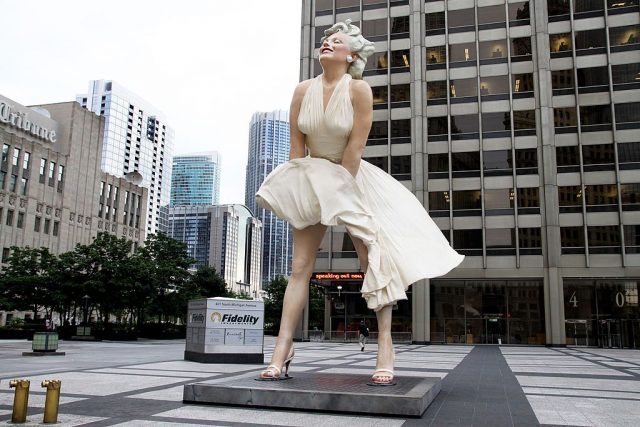 In 2011, sculptor John Seward Johnson II created a 26-foot tall statue of Marilyn Monroe. Crafted from aluminum and stainless steel, it portrays Monroe in her famous scene from the 1955 romantic comedy The Seven Year Itch, where she stands over a subway grate while her dress is lifted up by the wind of a passing train.
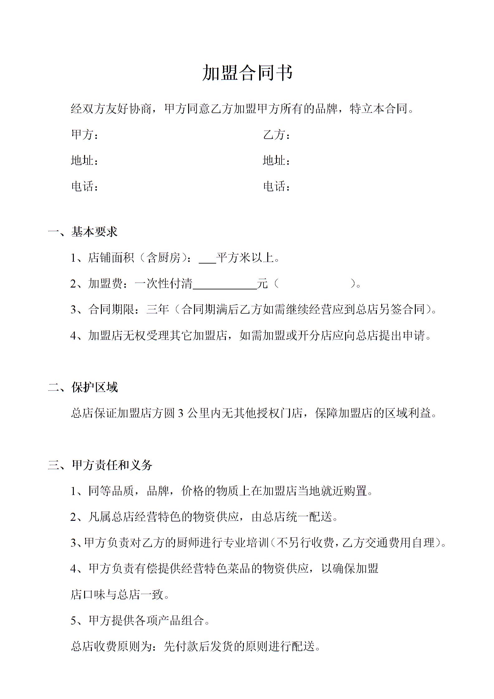 餐饮行业加盟合同书范本
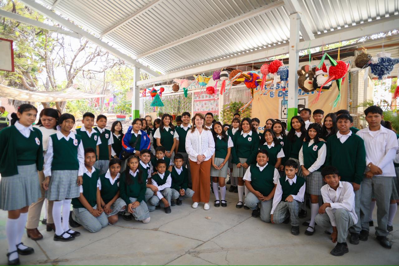 La titular del Poder Ejecutivo, Margarita González Saravia, Inauguró la techumbre del CETis 99 y supervisó trabajos de construcción en la telesecundaria 8 de Mayo

Exercise requirements
The required output is an exact copy of the lines from the one with "餐饮行业加盟合同书范本" through the final line of the data above, with pictures removed.

Answer section
 餐饮行业加盟合同书范本
 La titular del Poder Ejecutivo, Margarita González Saravia, Inauguró la techumbre del CETis 99 y supervisó trabajos de construcción en la telesecundaria 8 de Mayo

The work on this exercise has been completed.